** Work instructions **
After dropping the pictures, give again exactly the lines of the data from its first line through the line with "Left-side burner cabinet", which is included as well.

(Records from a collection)
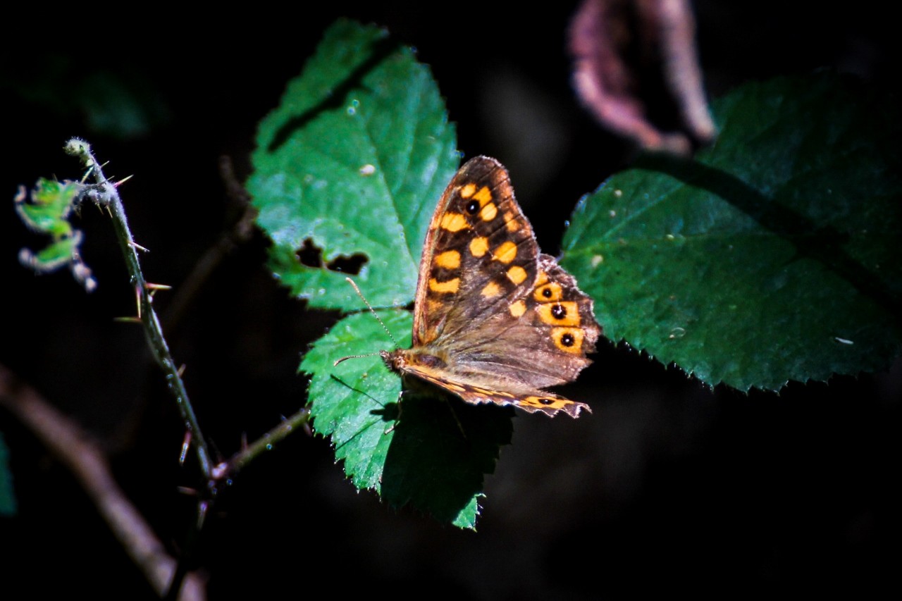 A borboleta fritilária-variegada (Melitaea phoebe) apresenta um padrão axadrezado preto e alaranjado na face superior das asas.
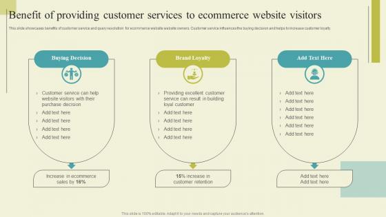 This slide showcases benefits of customer service and query resolution for ecommerce website website owners. Customer service influences the buying decision and helps to increase customer loyalty. Crafting an eye catching presentation has never been more straightforward. Let your presentation shine with this tasteful yet straightforward Benefit Of Providing Customer Services To Ecommerce Website Visitors Pictures PDF template. It offers a minimalistic and classy look that is great for making a statement. The colors have been employed intelligently to add a bit of playfulness while still remaining professional. Construct the ideal Benefit Of Providing Customer Services To Ecommerce Website Visitors Pictures PDF that effortlessly grabs the attention of your audience Begin now and be certain to wow your customers.
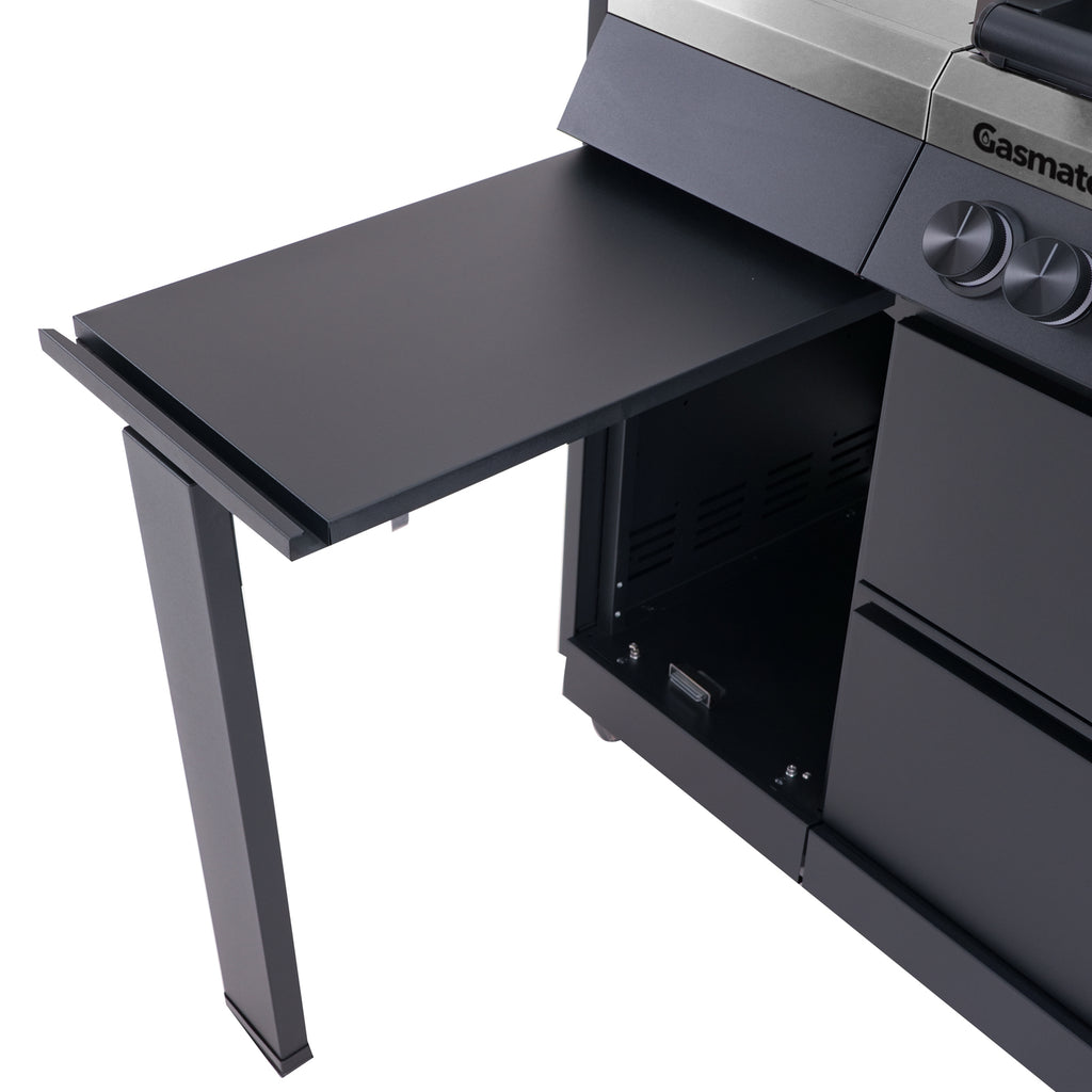 Left-side burner cabinet with a lift-up door that converts into a convenient shelf
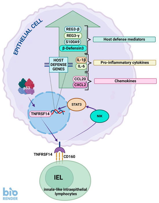 The antibacterial role of p53, which is mediated by up-regulation of the TNFRSF14 gene. This gene codes the cell surface protein, which can either act as a ligand or as a receptor depending on the cellular context. In this example, TNFRSF14 protein acts as a receptor for CD160 protein expressed on innate-like intraepithelial lymphocytes. Stimulation of the receptor by CD160 protein triggers a cascade of events involving the activation of NIK kinase (NF-κB-inducing kinase), which phosphorylates and activates the STAT3 protein. This transcription factor induces a plethora of host defense genes, e.g., the gene for β-defensin 3, the genes for pro-inflammatory cytokines and chemokines.
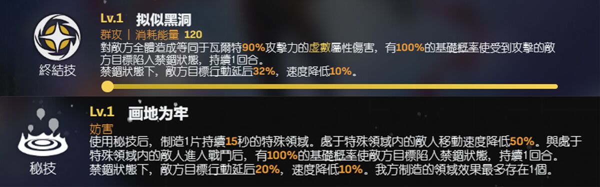终结技是AOE伤害+禁锢易伤,秘技在开战前制造一片领域,在领域内开战也能造成“禁锢”状态,陷入禁锢的敌人同样有10%减速效果。

** Response area **
 A borboleta fritilária-variegada (Melitaea phoebe) apresenta um padrão axadrezado preto e alaranjado na face superior das asas.
 This slide showcases benefits of customer service and query resolution for ecommerce website website owners. Customer service influences the buying decision and helps to increase customer loyalty. Crafting an eye catching presentation has never been more straightforward. Let your presentation shine with this tasteful yet straightforward Benefit Of Providing Customer Services To Ecommerce Website Visitors Pictures PDF template. It offers a minimalistic and classy look that is great for making a statement. The colors have been employed intelligently to add a bit of playfulness while still remaining professional. Construct the ideal Benefit Of Providing Customer Services To Ecommerce Website Visitors Pictures PDF that effortlessly grabs the attention of your audience Begin now and be certain to wow your customers.
 Left-side burner cabinet with a lift-up door that converts into a convenient shelf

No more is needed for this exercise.